The federal government has asked power generation companies (GenCos) to find eligible customers for its product as the payment for shortfalls might end soon.

Speaking at a workshop on eligible customer regulation in Abuja on Tuesday, Louis Edozien, permanent secretary of the ministry of power, works and housing, said it is no longer sustainable for GenCos to complain of stranded power when there are customers willing to buy it.

He lamented that no licensed customer has benefited from the eligible customer policy directive two years after it was unveiled.

On March 1, 2017, the federal government approved the sum of N701 billion as power assurance guarantee fund for the Nigerian Bulk Electricity Trader (NBET) to pay for the electricity produced by the generation companies (GenCos) to the national grid for the period of two years starting from January 2017 to December, 2018.


“The purpose of this gathering is to give full effect to the (eligible customer) policy direction unveiled by the Minister of Power, Works and Housing, Babatunde Fashola, in 2017,” he said.

“With the policy, if you are a bulk consumer in the power sector and you are not satisfied with the services you are getting, you’ve been empowered under the Act to buy the power from an existing licencee and have it transmitted and delivered to you.

“It is a bit disheartening that though we are almost two years after that policy direction, not one fully licensed eligible customer is enjoying this regulation.
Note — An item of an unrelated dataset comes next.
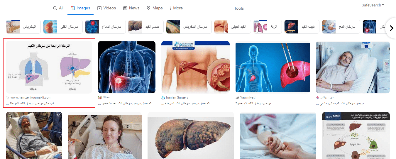 وعند البحث عن الموضوع وجدنا أن الصورة المتصدرة هي صورة توضيحية مميزة ذات تصميم جذاب ومختلف عن بقية الصور الموجودة في نتائج البحث. كما أنها مرفقة إلى جانب نتيجة الموقع في صفحة نتائج البحث العادية Web.
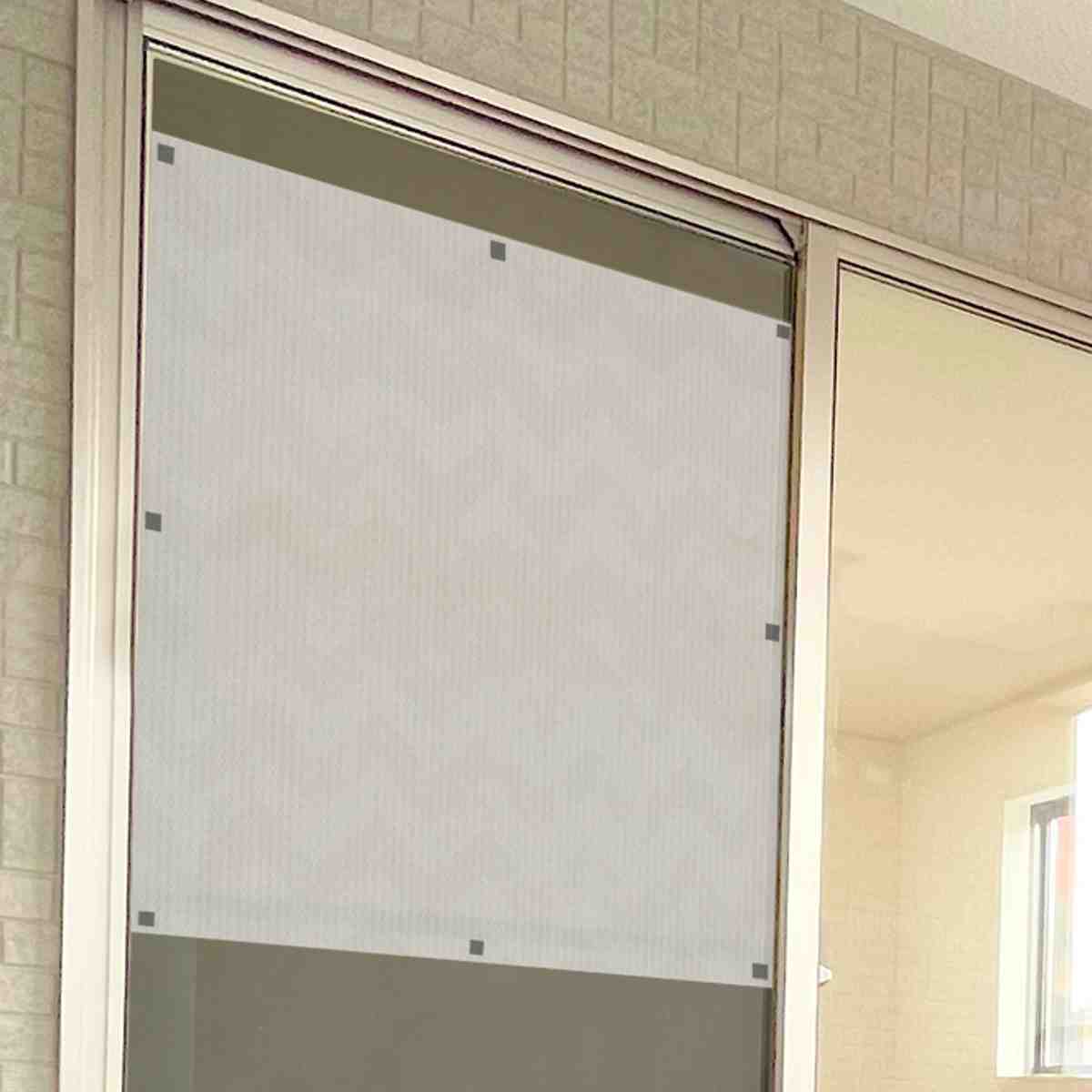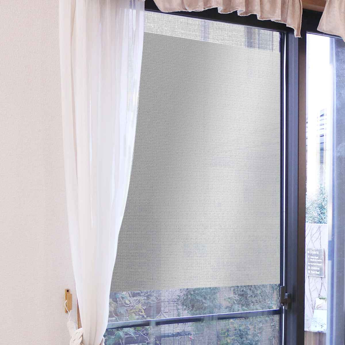 網戸シート 網戸に取り付ける 目隠しシート 遮光 遮熱 90cm×90cm ( 網戸 シート 日除け 目隠し 省エネ 日差し エコ 暑さ対策 留め具付き 窓 サッシ 日よけ 日焼け 防犯 プライバシー対策 簡単設置 遮熱シート 遮光シート ) 【シルバー】

So, I have messages for all the people here so that we can from today move forward much more expeditiously to effect what the minister intended almost two years ago.
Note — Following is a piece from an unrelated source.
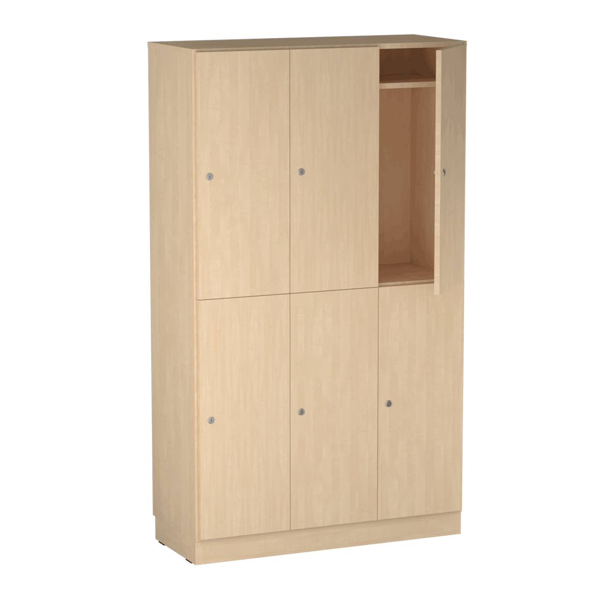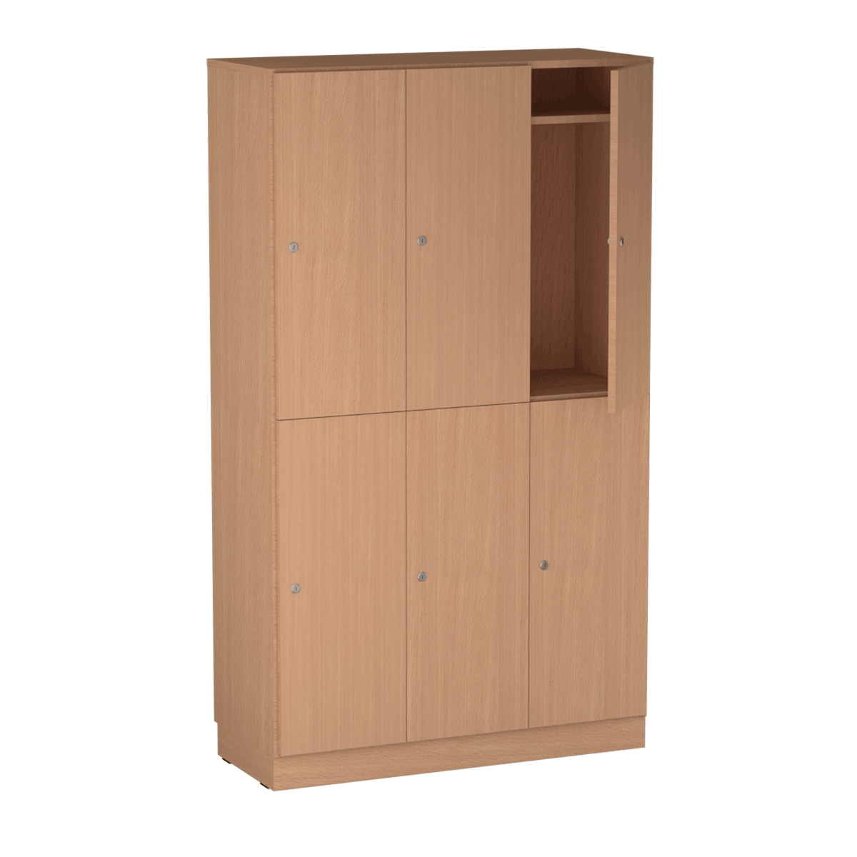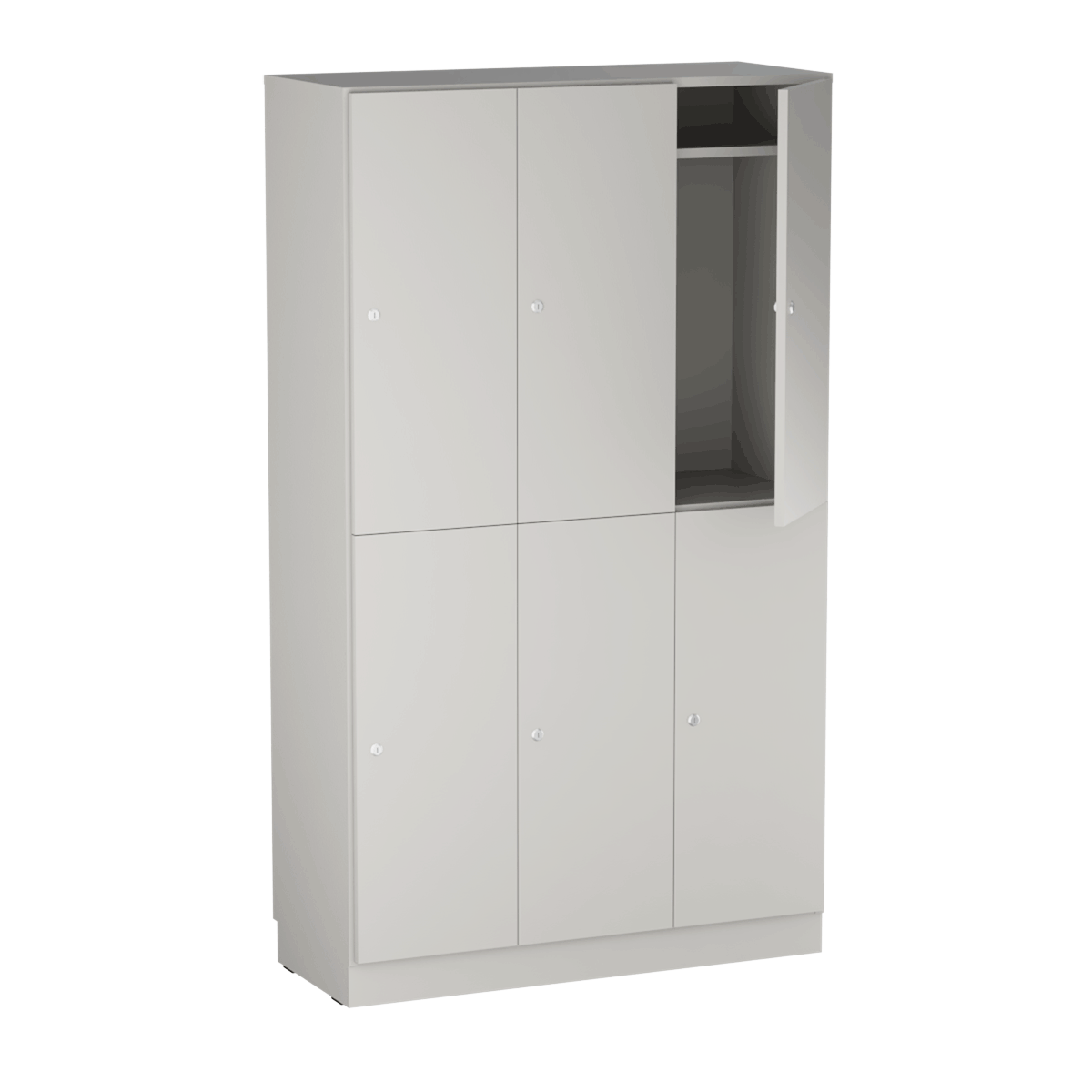 Personalskåpet är utrustat med sex separata fack som ger gott om plats för kläder, väskor och värdesaker. Den generösa bredden gör det möjligt att hänga upp ytterkläder och hålla ordning på personliga tillhörigheter.

“I have a message to Gencos, gone are the days where you could on your own or through your association or investors agitate about not being paid or not being able to sell your products. Since 2017, the Federal Government established a policy to pay you where you are not paid and that policy still subsists.

“But it is also not obtainable any longer for you to complain about not being able to sell your 2,000 megawatts. Go, find the customers who need it and sell it to them. That is what this regulation now authorises and empowers you to do. Don’t sit back and expect that government will perpetually be buying your power. No!”

“Government does not consume your power; the NBET is not the consumer of your power. Eligible customers are the consumers of your power, find them, (enter) contract with them. That’s the essence of this policy.

“The government, through the payment assurance programme, is paying the generation companies for shortfalls in payments through the NBET and clearly that is not what the Act intended for the industry today. And ultimately the government has to exit from this role.”